Les sociétés CPLP et Fidexpa soutiennent que les résiliations des contrats de concession sont abusives puisqu'elles sont totalement incompatibles avec les engagements que la société Daimler Chrysler France les avait incitées à prendre ainsi qu'avec les investissements effectués au cours des trois années précédentes.
Elles font état, à cet égard, du rachat, par la société Etoile d'Auvergne, en septembre 1999, de la concession Mercedes d'Aurillac implantée dans un secteur peu attractif et éloigné de Brive qui a été réalisé à la demande de la société Daimler pour un coût total de 1 690 976 euro ne pouvant être amorti que dans la perspective d'une poursuite durable des relations contractuelles.
Elles invoquent l'incidence négative sur la rentabilité de la société Fidexpa de la concurrence développée par la société Europe Service en pièces de rechange grâce au statut de concessionnaire que lui a conféré la société Daimler Chrysler France en 1999.
Elles indiquent que les investissements engagés à Aurillac jusqu'à la fin du premier semestre 2002 pour transférer l'activité de concession dans de nouveaux locaux s'inscrivent dans la logique de la poursuite d'un partenariat évoqué par la société Daimler Chrysler France dans son courrier du 17 décembre 2001.
Elles affirment que cette lettre constituait l'aboutissement du schéma de réorganisation prévu par la société Daimler Chrysler France sur leurs secteurs en fonction de l'échéance du règlement CE 1400-2002.
Les sociétés CPLP et Fidexpa allèguent la nullité du chef du jugement déféré excluant le caractère illicite des résiliations par référence à d'autres décisions n'ayant pas autorité de chose jugée, en l'estimant contraire aux exigences de motivation prescrites par l'article 455 du nouveau Code de procédure civile.
Elles font valoir que les motifs exposés par la société Daimler dans ses courriers du 16 septembre 2002 ne justifient pas le recours à une procédure de résiliation avec un préavis réduit à un an sur le fondement de l'article 5-3 du règlement 1475-95 au regard des principes posés par la Cour de justice des Communautés européennes dans ses arrêts des 7 septembre et 30 novembre 2006 imposant aux juridictions nationales de vérifier si l'entrée en vigueur du règlement 1400-2002 a rendu nécessaire une véritable réorganisation du réseau en cause au sens de cette disposition.
Elles précisent que l'entrée en vigueur du règlement 1400-2002 ainsi que le passage d'un système de distribution antérieur combinant exclusivité et sélectivité pour un uniquement sélectif, n'impliquait pas ipso facto une réorganisation du réseau de distribution.

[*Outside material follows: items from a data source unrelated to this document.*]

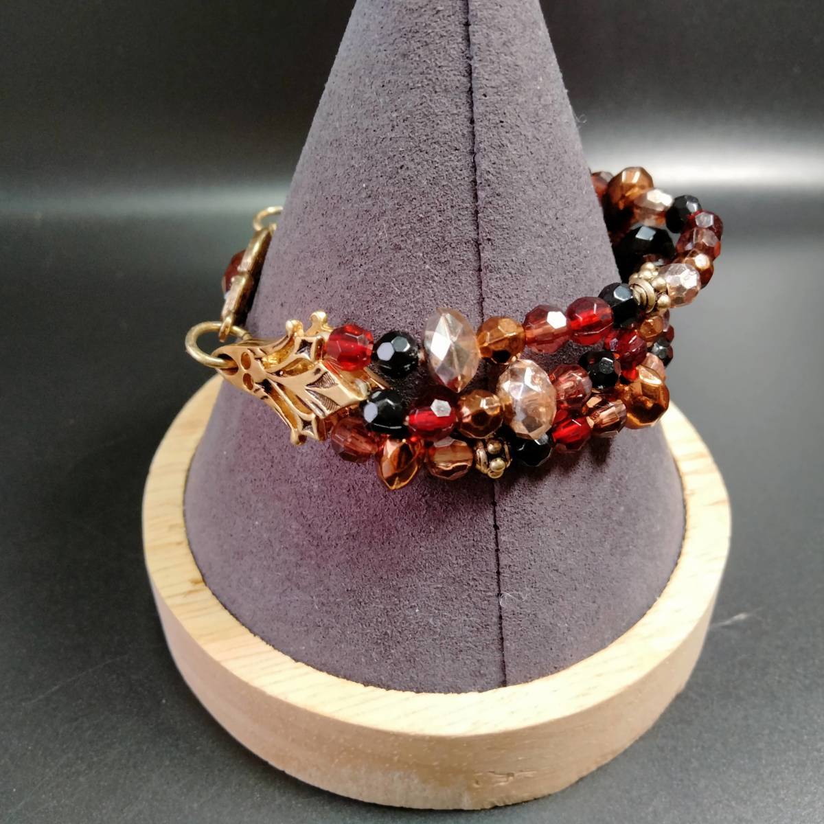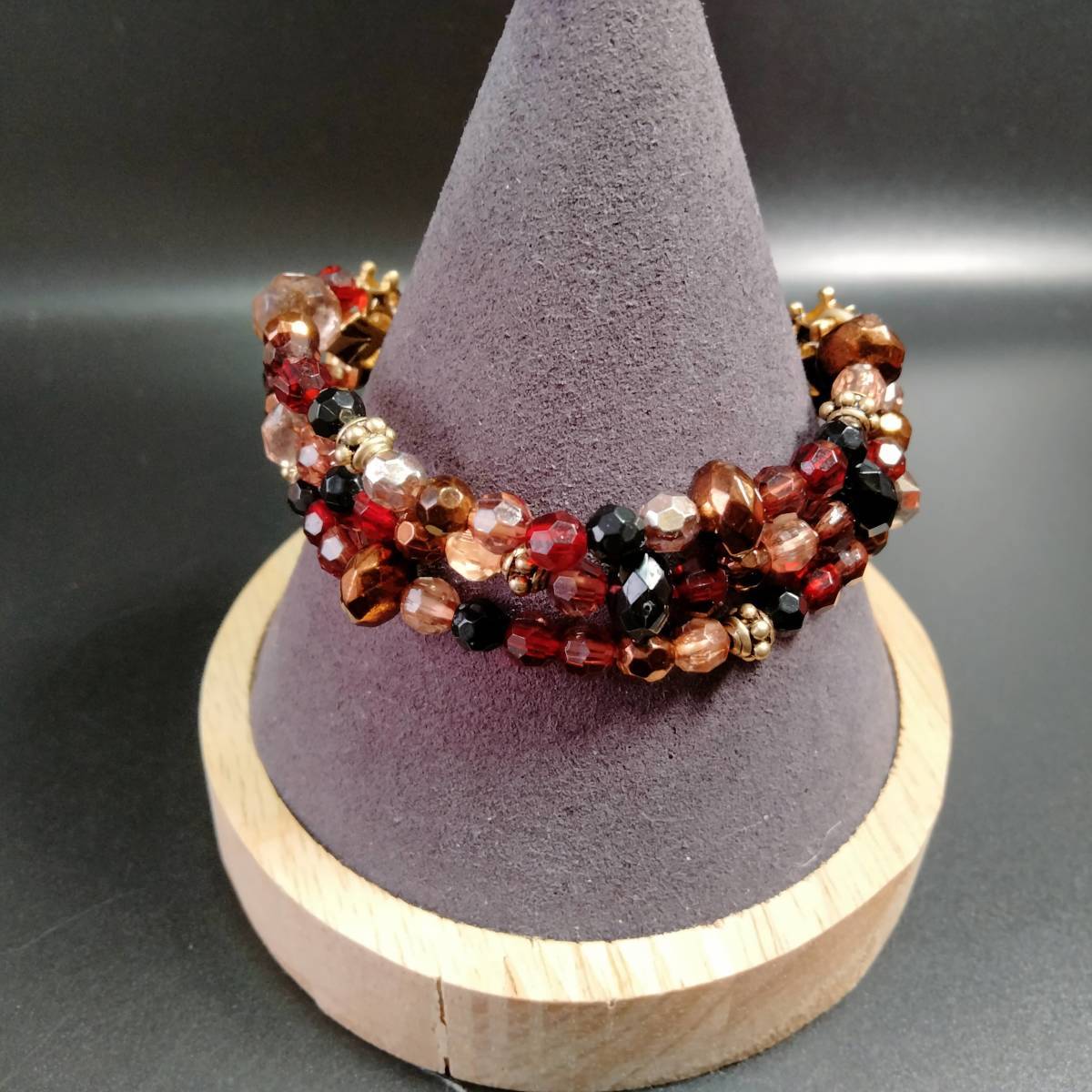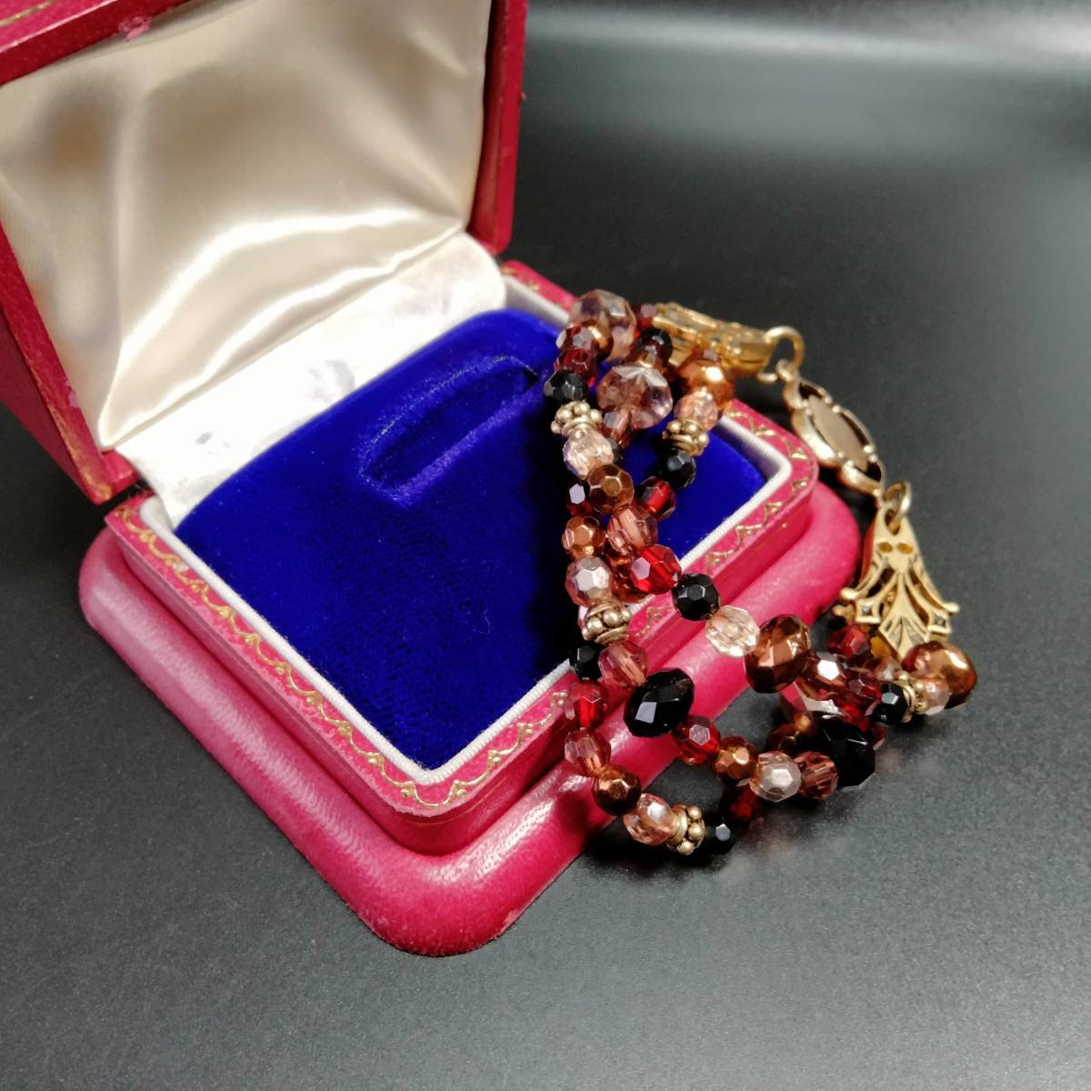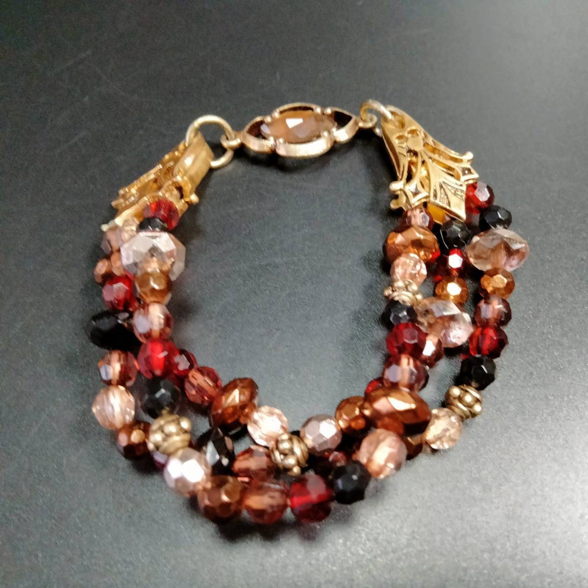レッド ブラウン ビーズ アールデコ ビンテージ ブレスレット バングル 昭和レトロ コスチューム ジュエリー アクセサリー SDCA57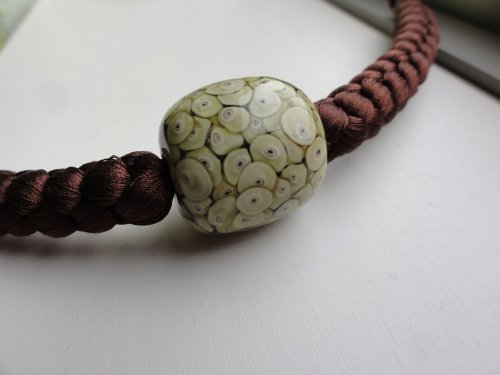 蜻蛉玉で羽織紐作ったら素敵だろうなあと思っていたら、あったよ。好きな蜻蛉玉を選んで羽織紐にできるみたいだったけど、それなりに時間がかかるので待ちきれず、すでに羽織紐になっているのを買っちゃった。 これがその蜻蛉玉。不思議なデザインでしょ?吸い込まれそう。 こういう硝子なキラキラ風なものと、つや消ししたものも素敵だったんだよねえ。 この蜻蛉玉、香川県の工房にのみやあ~とで作られたもの。結構、あちこちのデパートのイベントに出店しているみたい。また、素敵な羽織紐があったら買いたいな。 |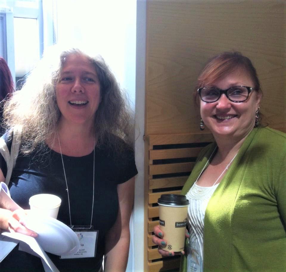 [Description of photo below taken at the fifth meeting of FEMMSS, held at the University of Waterloo (2014). Letitia (left) and Cate (right), lean against a wall during a coffee break, as if conspiring. Letitia, who has grey hair and is smiling, holds a paper cup, paper plate, a piece of paper. Cate, with her signature red hair, is wearing glasses and holding a paper coffee cup. Both of them are looking at something to their left and seem to be sharing a joke.]

Elles invoquent la défaillance de la société Daimler dans l'administration de la preuve d'une réorganisation matérielle substantielle des réseaux Mercedes, véhicules particuliers, industriels et utilitaires légers, entre septembre 2002 et septembre 2003, l'essentiel de la restructuration engagée en 2000 ayant été achevée avant le 1er octobre 2002.
Elles dénient la mise en place de réseaux de distribution sélective à compter du 1er octobre 2003 par la société Daimler.
Elles estiment qu'aucune des modifications essentielles des conditions d'exemption des accords de distribution résultant du règlement 1400-2002 n'était en elle-même de nature à induire une modification de la structure des réseaux de distribution.
Elles considèrent que la société Daimler Chrysler France aurait dû tenter de négocier les aménagements des contrats en cours aux nouvelles conditions d'exemption à l'instar d'autres constructeurs automobiles.
Les sociétés CPLP et Fidexpa observent que la société Daimler lors de l'adoption d'un système de distribution sélectif quantitatif n'a pas indiqué ses critères de détermination du nombre des distributeurs agréés par ses soins à compter du 1er octobre 2003, en violation des dispositions de l'article 1-g) du règlement CE 1400-2002.
Elles remarquent que les points de vente dont elles disposaient faisaient partie intégrante du numérus clausus arrêté par la société Daimler Chrysler France puisque leur exploitation est actuellement poursuivie par les titulaires actuels des secteurs de Brive et d'Aurillac.
Elles en déduisent que la société Daimler Chrysler France s'est rendue coupable d'agissements discriminatoires en refusant purement et simplement d'instruire leurs candidatures en tant que distributeur.
La société CPLP invoque des préjudices résultant de la privation du bénéfice d'un véritable préavis de résiliation "ordinaire" de 24 mois jusqu'au 30 septembre 2004. Elle prétend avoir été victime de multiples atteintes de la part de l'intimée à une bonne exécution des contrats pendant la période du préavis jusqu'à la vente de son fonds de commerce, le 1er décembre 2003, qui a été à l'origine d'une baisse de rentabilité estimée à 337 406 euro, outre le manque à gagner durant les 10 mois de préavis qu'elle n'a pu effectuer, évalué à 336 000 euro.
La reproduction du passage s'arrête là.